「ポイントはバイタルの攻防」アジアカップ2011決勝 オーストラリア戦展望

昨日は、アジアカップ3位決定戦の前にスカパーフジのサッカー日本代表TVを見ていた。
ちょうど韓国戦の後に放送されたタイミングだったので、アジアカップでの日本の戦いを振り返っていたのだが、まあ本当にサウジ戦以外は紙一重の厳しい試合をものにして来たんだなと再認識させられた。

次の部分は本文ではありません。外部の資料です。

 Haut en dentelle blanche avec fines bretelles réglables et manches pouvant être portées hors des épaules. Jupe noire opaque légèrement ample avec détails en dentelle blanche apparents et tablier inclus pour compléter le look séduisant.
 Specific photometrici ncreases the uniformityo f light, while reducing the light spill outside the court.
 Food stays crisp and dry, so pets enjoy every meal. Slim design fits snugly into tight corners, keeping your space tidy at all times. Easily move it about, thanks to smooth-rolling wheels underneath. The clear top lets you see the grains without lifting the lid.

日本は決勝までたどり着いたとは言え、特に守備面でのミスや審判の判定傾向への見切りが甘くて、やらずもがなの失点を与えて来てしまっているのは確かで、闘莉王と中澤がいなくなった後の守備面でリーダーとなれる存在の不在、ポテンシャルはJで証明できていたはずの本田拓による軽率なミスに代表される経験不足を痛感させられる大会になっているように思う。
その意味で、ベテランが多くてアジア相手に勝つ方法を熟知して大会に臨んでいるオーストラリア相手の決勝は、日本にとって厳しい戦いになるのは確実だろう。

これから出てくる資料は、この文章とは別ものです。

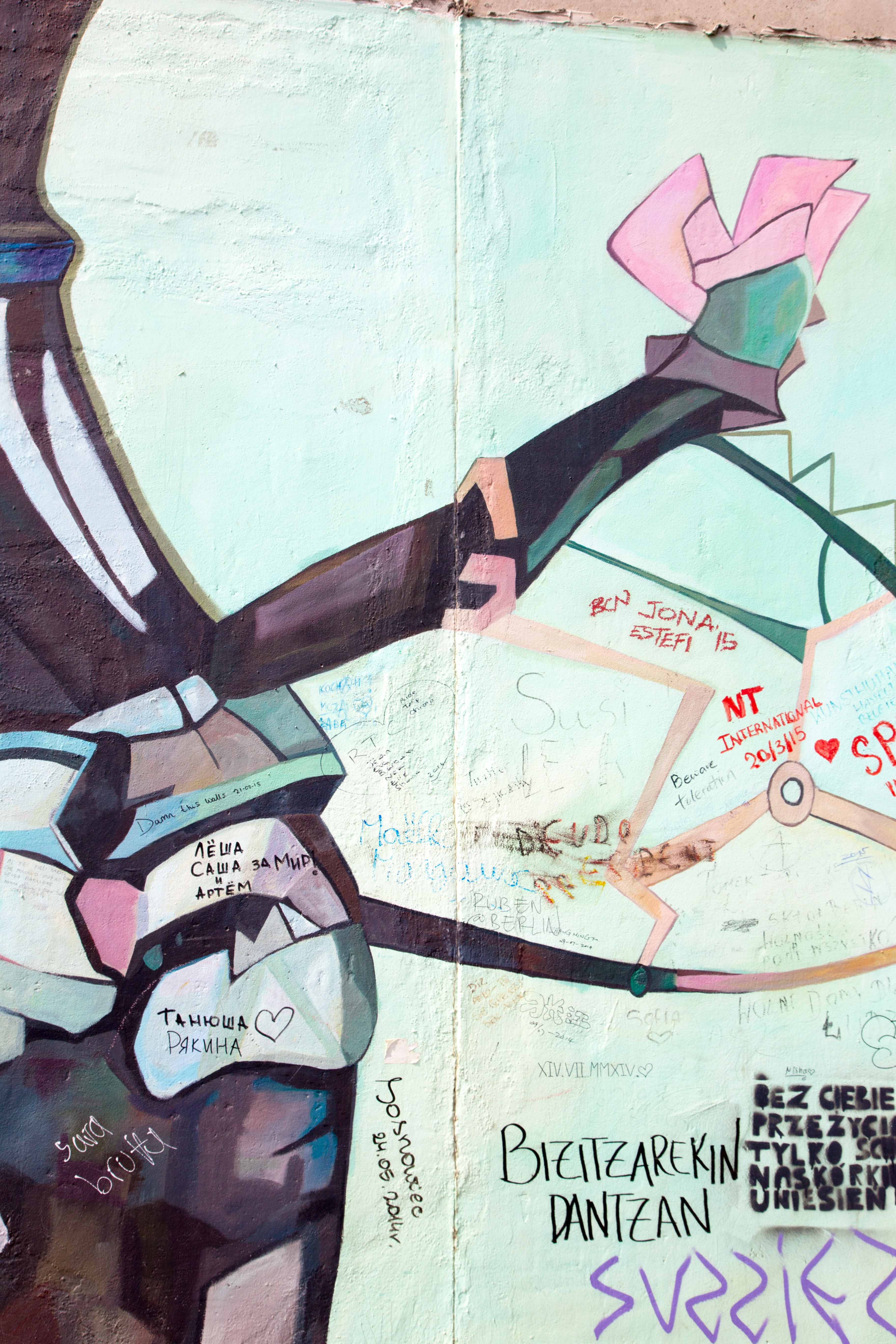 We ended up hanging out the following day and walked around Berlin. We saw the East Side Gallery, of course that was only when not getting photobombed by selfie-sticking Japanese tourists and droves of teenagers. But at least there was some paint still wet so we could make our mark on the Wall… Thanks Jenny whoever you are!

CBが弱くてSBに身長が足りない日本にとって、ケーヒルとキューウェルにまずボールを集めるオーストラリアの攻撃は、おそらくハイボールの争いで日本が五分以上に持って行く事は難しい。
その意味でポイントになるのは、CBのラインコントロールである。今大会の日本はラインがオフサイドを意識的に取ろうとしている場面は、カタール相手に先制を許した場面しか存在せず(笑)、ザックがそれをあえて避けているのかどうかは分からないが、オージーの攻撃が2トップヘボールを集める攻撃に特化している以上、ラインコントロールで2トップの動きを日本が主導権を奪って抑えるようにならないと、いくら中盤が集中していても必ずどこかで穴を開けてしまう羽目になるはずだ。
そして攻撃面では、とにかく4-4のコンパクトなゾーンで網を張って待ち構えるオーストラリアの守備をいかにして崩すかに尽きるだろう。

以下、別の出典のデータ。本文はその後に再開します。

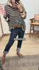 Round neck sweater. Long sleeves. Contrasting color collar, hem, and cuffs. Oversized.
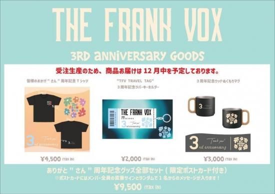 皆様のおかげ "さん" 周年記念Tシャツ&3周年記念ウッドぬくもりマグ&"TFV TRAVEL TAG"3周年記念ラバーキーホルダーのセット販売です!
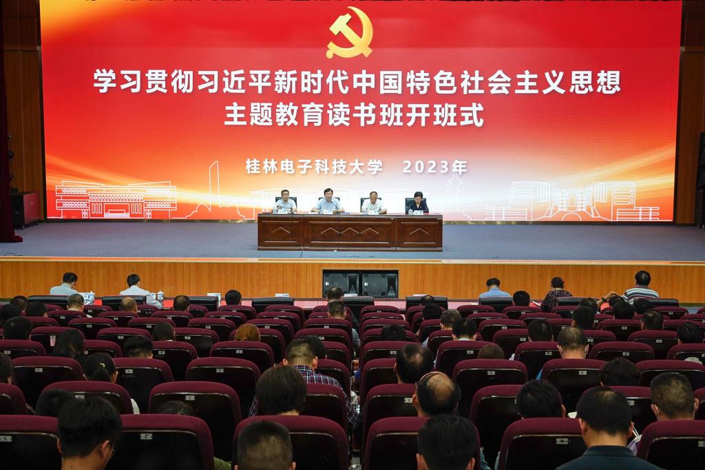 5月4日,我校学习贯彻习近平新时代中国特色社会主义思想主题教育读书班开班式在花江校区会议中心大礼堂举行。自治区党委主题教育第十三巡回指导组副组长、广西师范大学党委副书记赵铁,巡回指导组成员、百色干部学院邓小平理论研究中心主任黄珑到会指导;全体在校校领导、全体中层领导干部、马克思主义学院全体教师、全体辅导员、机关党委全体党员参加开班式。校党委副书记、校长徐华蕊主持开班式。

これも以前に書いたポイントではあるが、いくらゾーンを作っても最後は選手に誰かがアタックに行かなければ相手のミスを待つだけの棒立ち守備になるわけで、どれだけ相手のアタックをダイレクトの早いパス交換で連続して引き出し、ゾーンの間にギャップを作ってその間に選手を送り込めるかが重要になって来る。
香川が戦線を離脱した事によって、誰が香川の代わりに入って、それによってフォーメーションがどう変わるかが注目されているが、相手が日本に対して攻めに出てくるのならば、トップ下を柏木にして守備でスペースを作ったところで攻撃を仕掛ける戦い方をするのがいいだろうが、カウンター狙いをして来るのが確実なオージー相手には着実にキープが出来る本田をトップ下に据える可能性が高いと思う。
そうなると、藤本を右ウイングにして岡崎を左に持って来る清水シフトになる・・・と言いたいところなんだけど、ここまで岡崎右で攻撃が形になって来たのを捨てる選択をザックがやるのかどうか。何をどう取るにしてもリスクと冒険があるのは間違いなく、そこでどういう勝負に出てくるのかが非常に楽しみである。
でも本当の勝負を分けるポイントは、セットプレイになりそうな気がしていたりする(笑)。いかにも高さで負けて点を取られそうな日本が失点を与えず、今までアジア相手にはセットプレイで勝って来た日本が今大会の不発を覆すような事になってくれる事を願っておこう。